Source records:
^^^^^^^^
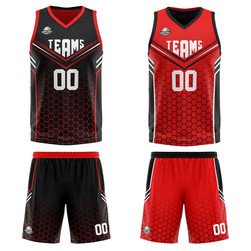Custom Black Red Reversible Basketball Suit for Adults and Kids Personalized Jersey
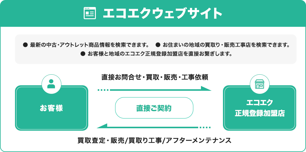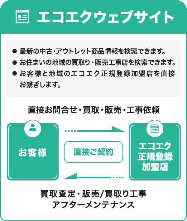 当ウェブサイトは、中古エクステリア商品の買取または、ご購入をご希望のお客様と、地域の中古エクステリアを取扱い可能なエクステリア工事店様を直接つなぐマッチングサイトです。お問い合わせからご契約、工事まですべて最寄りのエコエク登録加盟店と直接おこなっていただきますようお願いいたします。
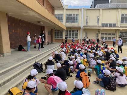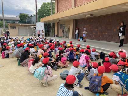 無事に学校に帰ってきて、全校で振り返りをしました。
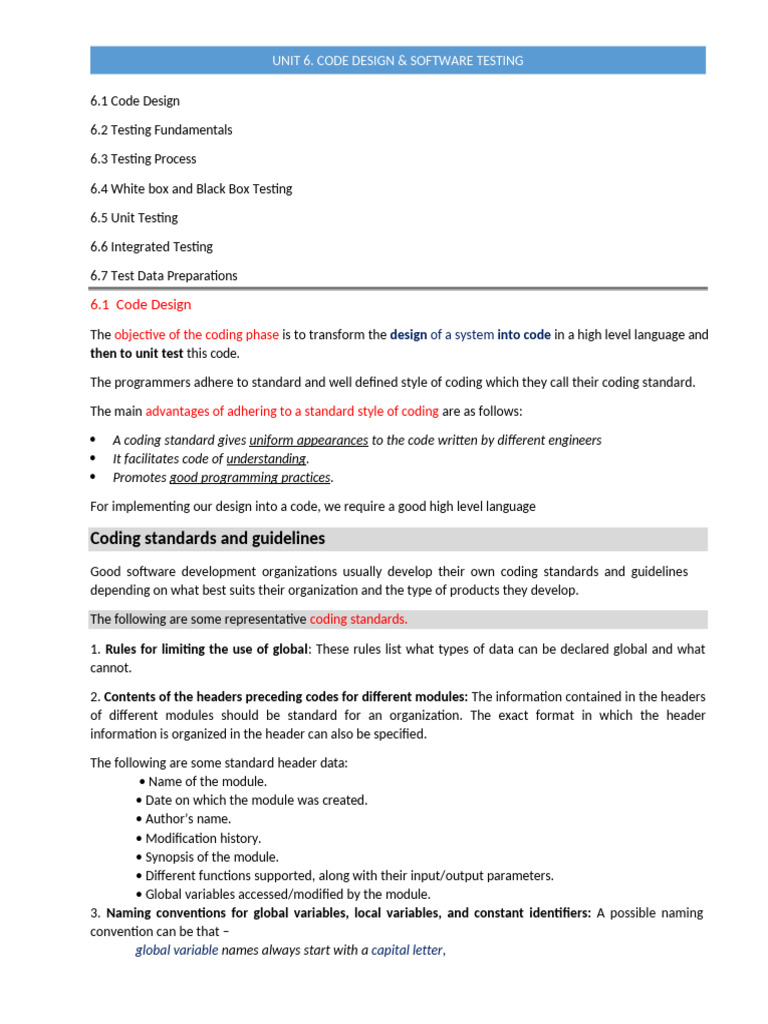 UNIT 6. CODE DESIGN & SOFTWARE TESTING
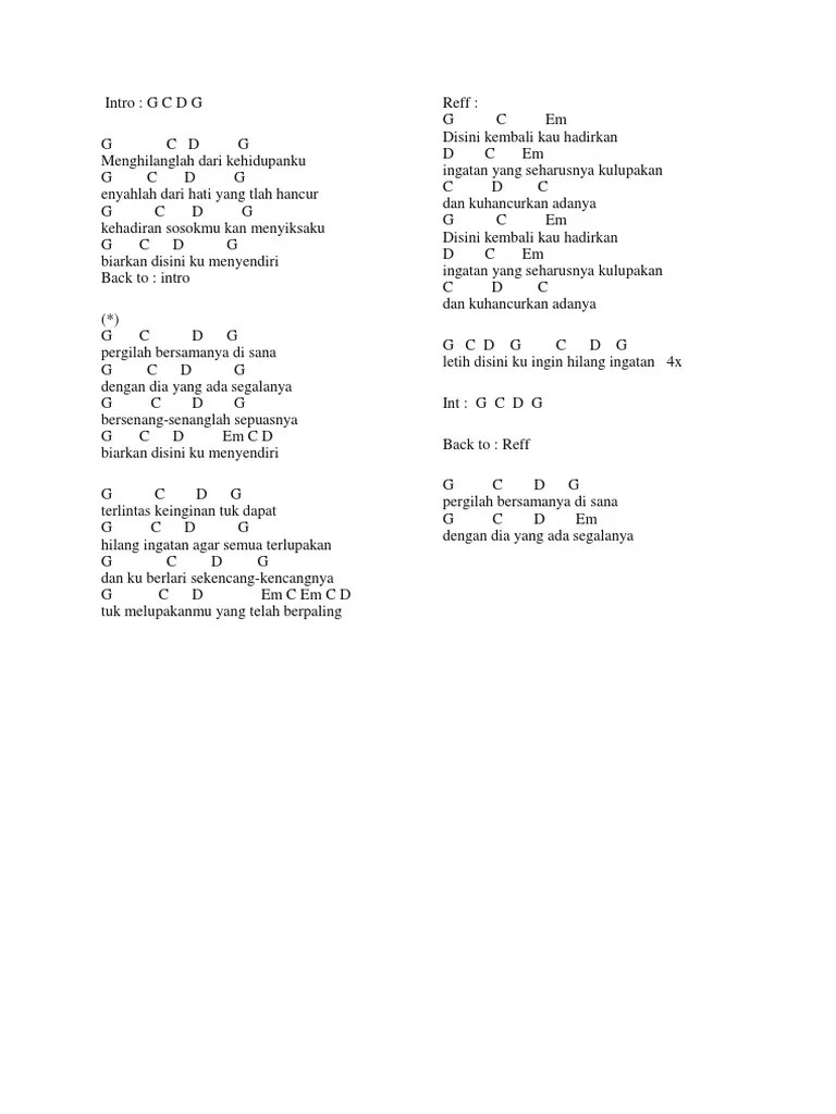 G c d g g c d g menghilanglah dari kehidupanku g c d g enyahlah dari hati yang tlah hancur g c d g. G c d g g c d g menghilanglah dari kehidupanku. Lirik dan kunci gitar lagu 'ingin hilang ingatan' dari rocket rockers lagu ingin hilang ingatan termasuk album better season. Lagu 'ingin hilang ingatan' ini . G c d g enyahlah dari hati yang tlah hancur.
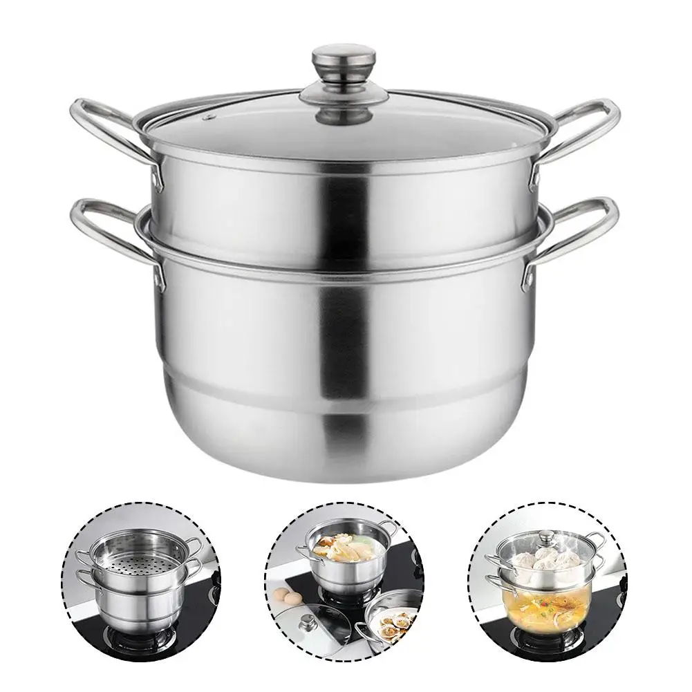 Отзывы о Пароварка 2 в 1 из нержавеющей стали с видимой крышкой двухслойная суповая
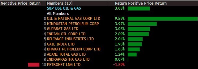 India: Oil & Natural Gas surges as much as 10% to highest since July 2019; Indian Oil climbs 3.4%
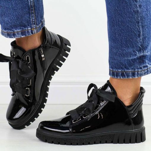 Czarne skórzane lakierowane botki damskie na traperze Filippo Dbt3197/25
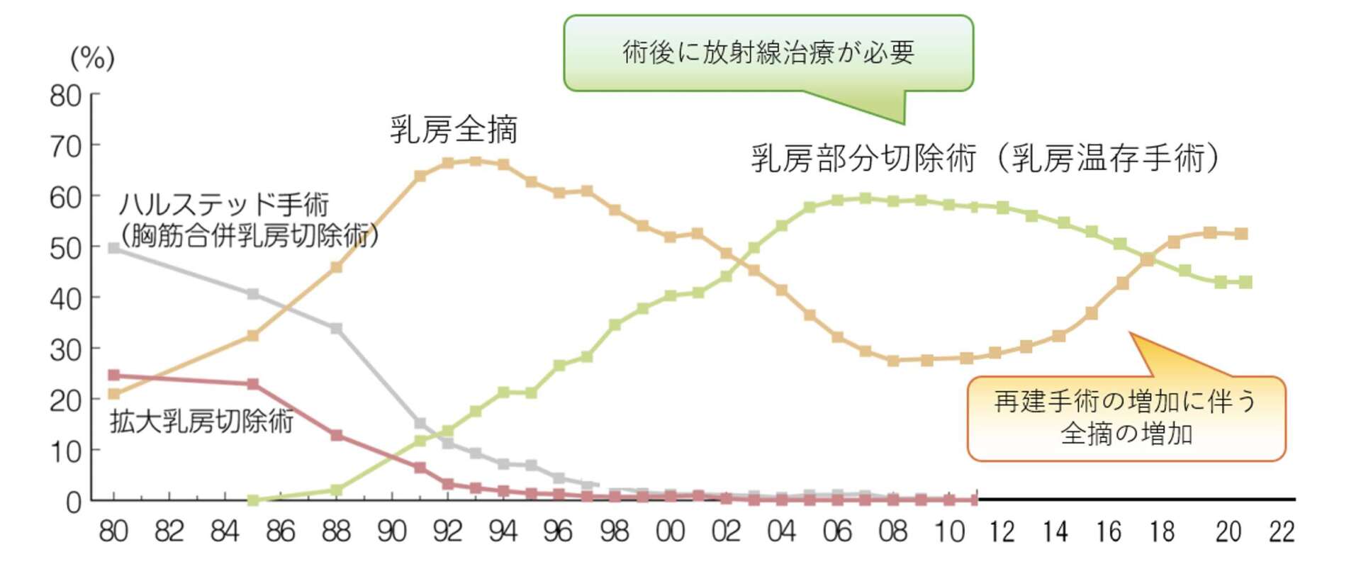 参考:福田護, 乳癌手術における根治性と整容性の変遷: Oncoplastic Breast Surgery4, 79-83, 2019 乳癌学会の調査と福田護先生の論文のグラフを参考に著者作成
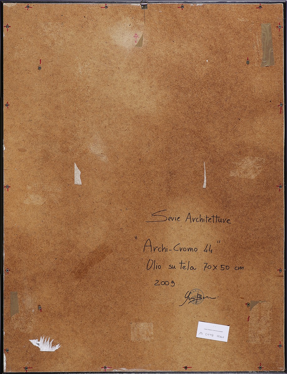 BORRONI SARA (n. 1971) Archi-Cromo 44. 2009. Olio su tela . Cm 50,00 x 70,00. Opera dalla serie Architetture. Al retro titolo, firma, data e timbro Sara Borroni arte. Autentica dell'artista su fotografia. Cornice presente
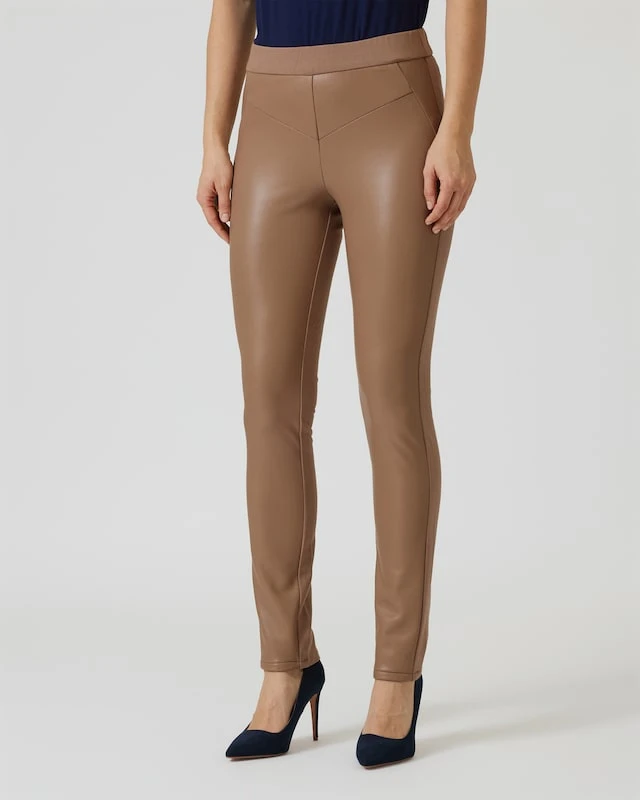 Die Hose ist aus einem Materialmix gearbeitet und ein echter Hingucker. Die Röhre ist vorne mit einem weichen Leder-Imitat beschichtet, hinten ist sie aus einem soften Viskose-Mix in Ponte-Qualität. Ihr neuer Fashion-Liebling ist obendrein auch noch unheimlich bequem. Der breite Dehnbund auf Nabelhöhe schmiegt sich perfekt an Ihre Figur und sorgt für einen flachen Bauch.
^^^^^^^^
All lines from the one containing "Czarne skórzane lakierowane" through the final line of the entries above must be restated word for word, pictures excluded.

## RESPONSE
 Czarne skórzane lakierowane botki damskie na traperze Filippo Dbt3197/25
 参考:福田護, 乳癌手術における根治性と整容性の変遷: Oncoplastic Breast Surgery4, 79-83, 2019 乳癌学会の調査と福田護先生の論文のグラフを参考に著者作成
 BORRONI SARA (n. 1971) Archi-Cromo 44. 2009. Olio su tela . Cm 50,00 x 70,00. Opera dalla serie Architetture. Al retro titolo, firma, data e timbro Sara Borroni arte. Autentica dell'artista su fotografia. Cornice presente
 Die Hose ist aus einem Materialmix gearbeitet und ein echter Hingucker. Die Röhre ist vorne mit einem weichen Leder-Imitat beschichtet, hinten ist sie aus einem soften Viskose-Mix in Ponte-Qualität. Ihr neuer Fashion-Liebling ist obendrein auch noch unheimlich bequem. Der breite Dehnbund auf Nabelhöhe schmiegt sich perfekt an Ihre Figur und sorgt für einen flachen Bauch.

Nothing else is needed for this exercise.